The nether-world disorientation of a really disturbing nightmare stays with you for at least half a day, and since it was Sunday I found myself crying through Mass, roiling in confusion and guilt. In the face of hundreds of lawsuits caused by sexual abuse of children by priests, the Archdiocese of Baltimore has declared bankruptcy and is closing two-thirds of its churches, including ours. St. Vincent’s is in downtown Baltimore, in a heavily populated neighborhood with almost no formal housing, but a lot of highway-bridges, government-owned hotels, tents, tarps, and sidewalks that are the living spaces of those who stay there, long-term or temporarily. The church is dedicated to serving these residents, and it also has an ordination of women committee and an LGBTQ ministry. The first time I attended St. Vincent’s I arrived early, and found Father Ray sweeping the front steps in his full vestments, as he calmly mediated an angry dispute between two community members on either side of him. This is Father Ray’s day-to-day. Since surviving domestic violence I have been a peregrine, or wanderer, among the many factions of Christianity and their hugely varied places of worship. There is a lot in Christianity (and other organized religions) that can help abuse victims heal; church can be trauma responsive if we choose to make it so. But even in “liberal” non-Catholic churches where the ministers wear Pride flag shawls and are just as likely to be women, I have not seen one of them so much as pick up a feather duster unless it was for a performative charity event. St. Vincent’s is radical and radically different, beautiful in building and spirit and congregation.
I was abused at another institution in Baltimore as a child, a school, and I actively supported the legislation that is allowing former child victims to sue. Had I supported the demise of something beautiful in St. Vincent’s? Should I not even show my face here? Were we permitting retribution to make us all permanently blind? Whatever mental health professionals may believe to be the function of nightmares in PTSD, I know them to be the purgatorial ghosts of extreme dehumanization that was never corrected. The Catholic Church has experienced decades of PTSD nightmares, from the sexual abuse scandal alone. I could all but see the ghoul of that crushing harm walking among us at Mass, unresolved, not even clearly repentant, and then it curled up on my chest with the wracking dread-filled guilt commonly felt by abuse survivors.

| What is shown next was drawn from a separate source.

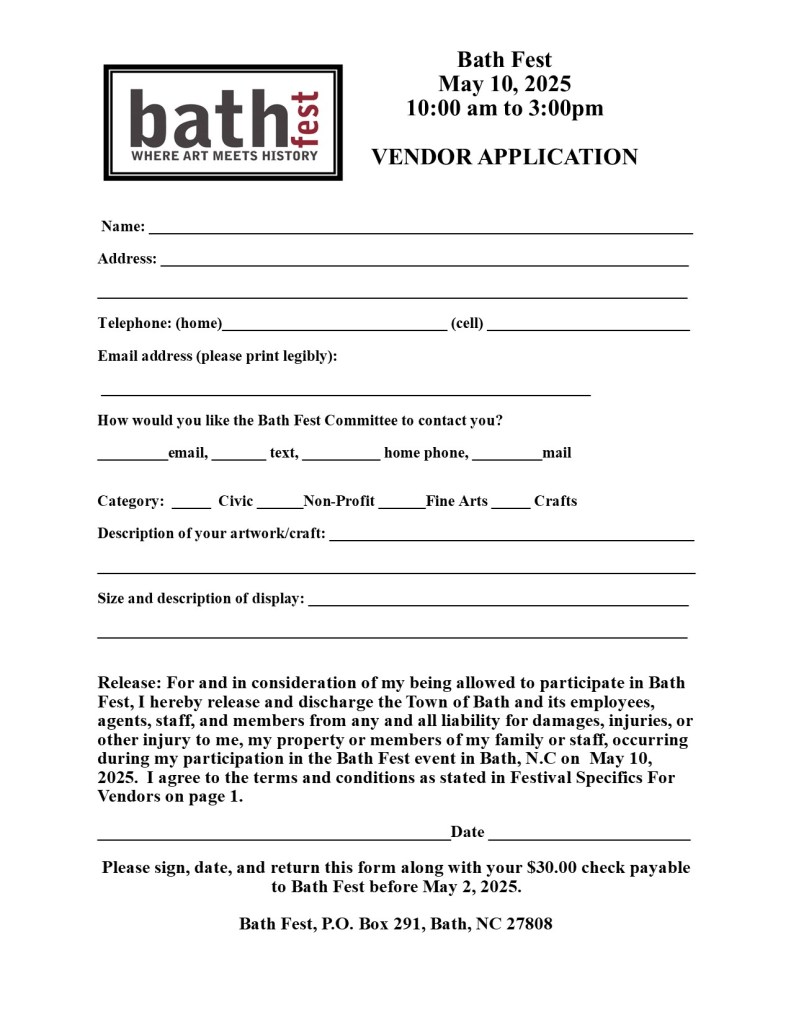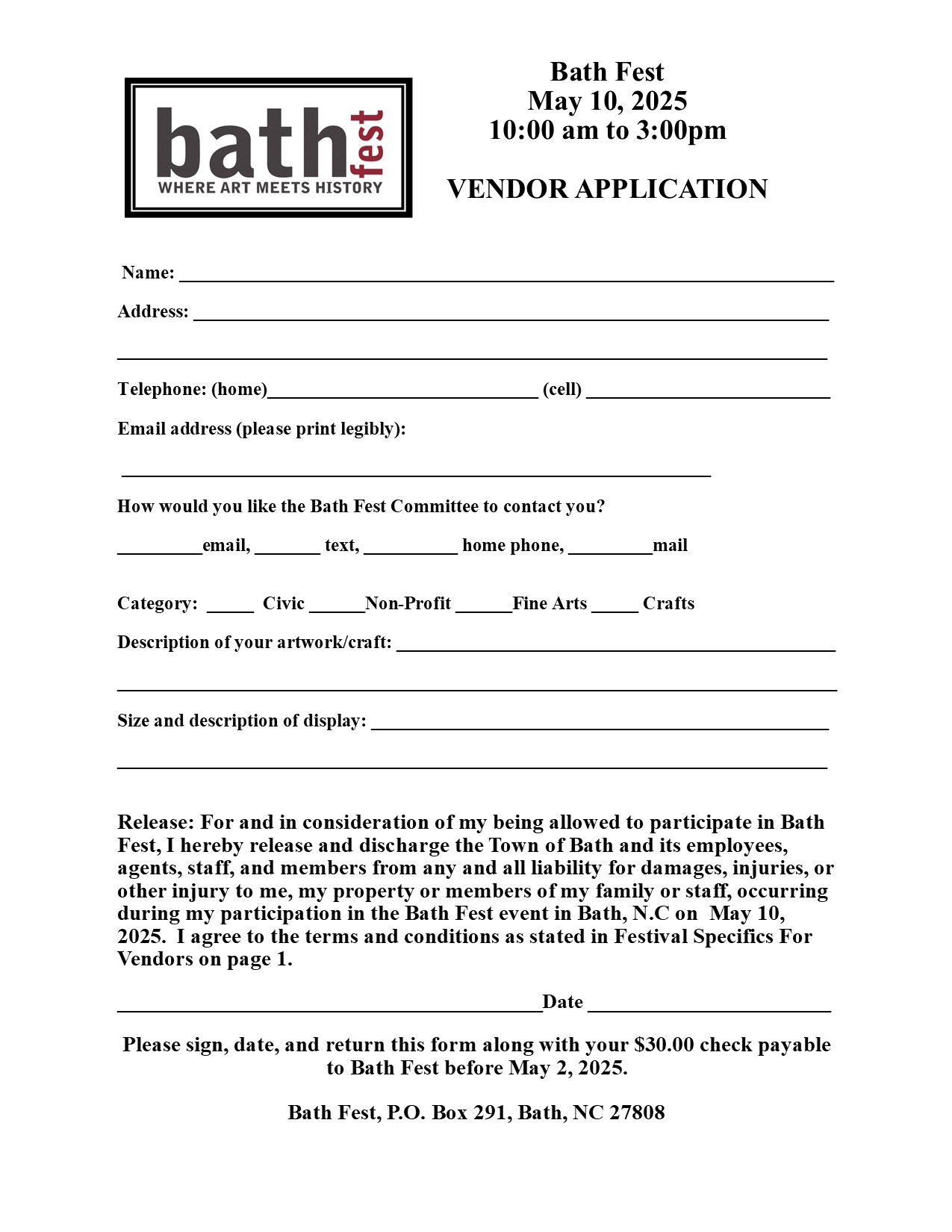 The Bath Fest Committee is planning for Bath Fest to be held on Saturday, May 10, 2025 from 10:00am to 3:00pm in Historic Bath at Bonner’s Point. Arts and craft vendors will sell their original works in a street fair around Bonner’s Point.

It was you - the ghoul told me - you did it, and now this true haven will vanish.
Then I felt a line from a survivor book called Reckless Years, in which Heather Chaplin turns and faces the guilts as they scream at her:
And suddenly I had the most extraordinary clarity and a simple series of thoughts presented themselves. These are not my demons. Why should I have demons? I didn’t do anything wrong. (p.286)
In the Bible, a demon refuses to name himself, because naming will give Jesus control over him - but the demon clawing at me in church does have a name, one as obvious as Joe or Mark: Misogyny. Only days before, I had been introduced to a concept that I have always known in my bones, but is explained in a paper by philosopher Ellie Anderson:
A pervasive form of care labor that falls largely upon women in contemporary American society should be described as “hermeneutic labor.” Related to emotional labor but distinct from it, hermeneutic labor is the burdensome activity of a) understanding one’s own feelings, desires, intentions, and motivations, and presenting them in an intelligible fashion to others when deemed appropriate; b) discerning others’ feelings, desires, intentions and motivations, by interpreting their verbal and non-verbal cues, including cases when these are minimally communicative or outright avoidant, and c) comparing and contrasting these multiple sets of competing feelings, desires, intentions and motivations for the purposes of conflict resolution. (p.177)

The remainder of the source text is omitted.